--- Work required ---
Every line from the one holding "- Start – wir" through the one holding "4.ภาพสุนัขตัวห" in the data below must be returned exactly, both ends included, with pictures left out and nothing else added.

--- Data supplied ---
* * * * *
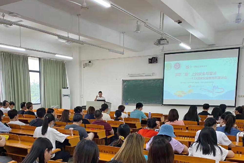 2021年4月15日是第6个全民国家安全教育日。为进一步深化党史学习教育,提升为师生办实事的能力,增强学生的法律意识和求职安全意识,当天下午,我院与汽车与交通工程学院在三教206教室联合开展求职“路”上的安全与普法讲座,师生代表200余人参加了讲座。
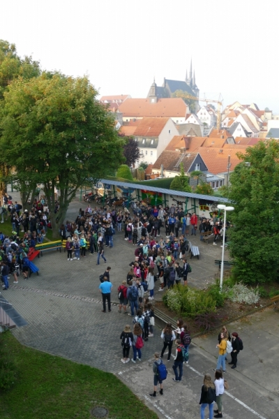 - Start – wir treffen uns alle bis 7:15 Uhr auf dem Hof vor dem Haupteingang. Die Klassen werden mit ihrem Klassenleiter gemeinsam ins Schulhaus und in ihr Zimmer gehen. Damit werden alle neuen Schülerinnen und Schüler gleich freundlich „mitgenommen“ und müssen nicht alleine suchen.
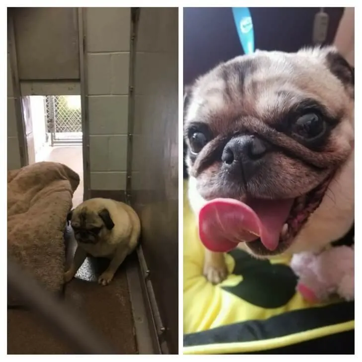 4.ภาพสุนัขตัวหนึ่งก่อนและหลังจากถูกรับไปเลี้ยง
* * * * *
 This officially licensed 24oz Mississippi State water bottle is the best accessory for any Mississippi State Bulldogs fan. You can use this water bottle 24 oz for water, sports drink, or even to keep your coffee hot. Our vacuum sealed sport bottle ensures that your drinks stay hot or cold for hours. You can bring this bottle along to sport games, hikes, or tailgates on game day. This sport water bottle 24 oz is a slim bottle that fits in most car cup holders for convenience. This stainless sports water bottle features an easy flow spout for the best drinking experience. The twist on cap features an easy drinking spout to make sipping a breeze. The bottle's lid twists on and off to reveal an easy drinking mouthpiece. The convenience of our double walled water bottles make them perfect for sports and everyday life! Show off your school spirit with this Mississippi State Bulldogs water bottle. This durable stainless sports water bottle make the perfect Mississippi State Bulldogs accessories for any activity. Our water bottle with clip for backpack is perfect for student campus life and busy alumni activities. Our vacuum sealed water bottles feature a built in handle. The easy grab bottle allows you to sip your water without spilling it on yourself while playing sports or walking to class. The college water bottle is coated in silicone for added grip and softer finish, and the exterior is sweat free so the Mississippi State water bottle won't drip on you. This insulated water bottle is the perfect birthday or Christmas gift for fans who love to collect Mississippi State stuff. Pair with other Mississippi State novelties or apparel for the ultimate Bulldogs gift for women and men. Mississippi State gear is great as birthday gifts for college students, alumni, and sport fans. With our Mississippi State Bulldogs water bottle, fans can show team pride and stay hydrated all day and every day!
* * * * *
--- Output of the task ---
 - Start – wir treffen uns alle bis 7:15 Uhr auf dem Hof vor dem Haupteingang. Die Klassen werden mit ihrem Klassenleiter gemeinsam ins Schulhaus und in ihr Zimmer gehen. Damit werden alle neuen Schülerinnen und Schüler gleich freundlich „mitgenommen“ und müssen nicht alleine suchen.
 4.ภาพสุนัขตัวหนึ่งก่อนและหลังจากถูกรับไปเลี้ยง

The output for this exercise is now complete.